▶ [DATA FOR THIS EXERCISE]:
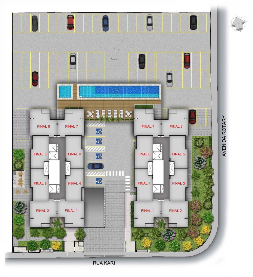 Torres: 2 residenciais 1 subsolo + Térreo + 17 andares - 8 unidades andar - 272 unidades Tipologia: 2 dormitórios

...

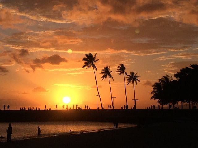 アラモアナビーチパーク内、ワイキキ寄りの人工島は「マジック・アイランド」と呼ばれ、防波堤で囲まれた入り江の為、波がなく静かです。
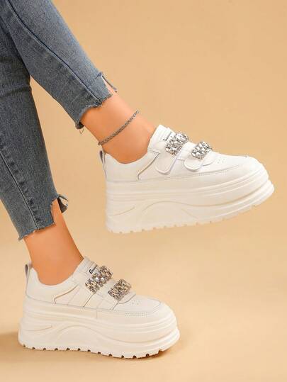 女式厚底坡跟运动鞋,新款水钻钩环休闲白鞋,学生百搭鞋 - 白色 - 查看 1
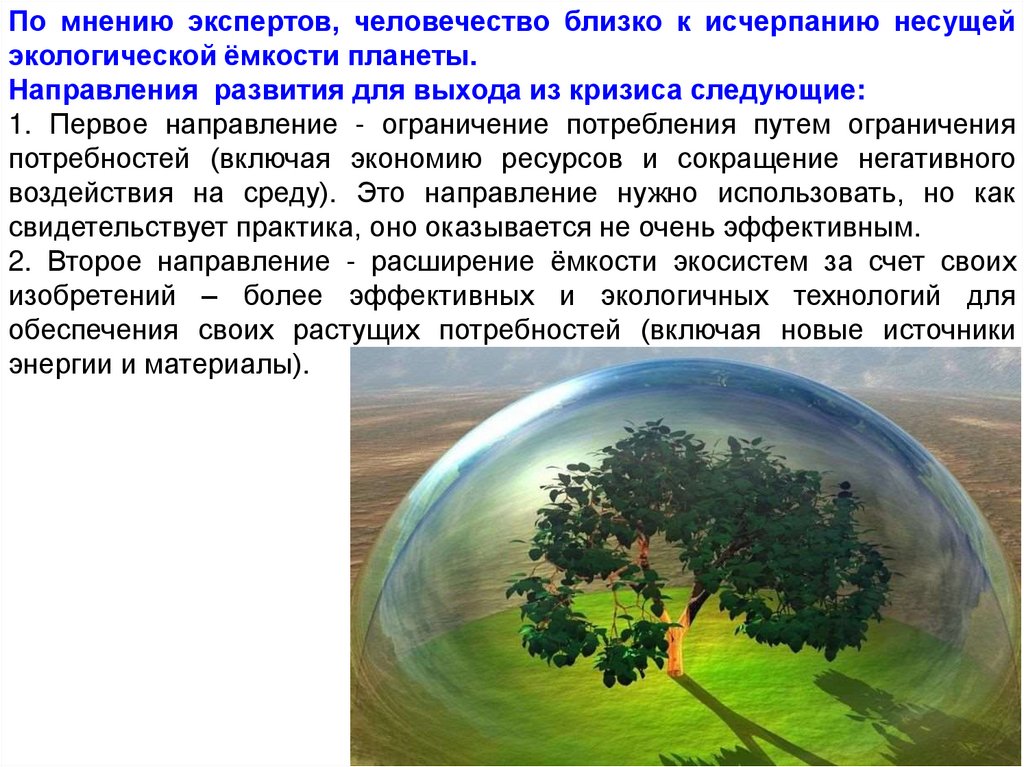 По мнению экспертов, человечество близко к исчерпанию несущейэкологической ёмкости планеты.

...

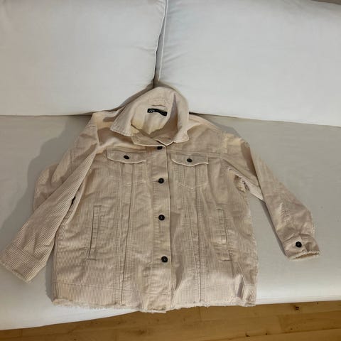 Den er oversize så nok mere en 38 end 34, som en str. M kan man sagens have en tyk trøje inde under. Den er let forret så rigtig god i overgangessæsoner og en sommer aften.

▶ [TRY IT]: Copy exactly, without pictures, the lines above from the one with "女式厚底坡跟运动鞋,新款水钻钩环休闲白鞋,学生百搭鞋 - 白色 - 查看 1" down to the one with "По мнению экспертов, человечество", inclusive.

▶ [WRITTEN REPLY]:
 女式厚底坡跟运动鞋,新款水钻钩环休闲白鞋,学生百搭鞋 - 白色 - 查看 1
 По мнению экспертов, человечество близко к исчерпанию несущейэкологической ёмкости планеты.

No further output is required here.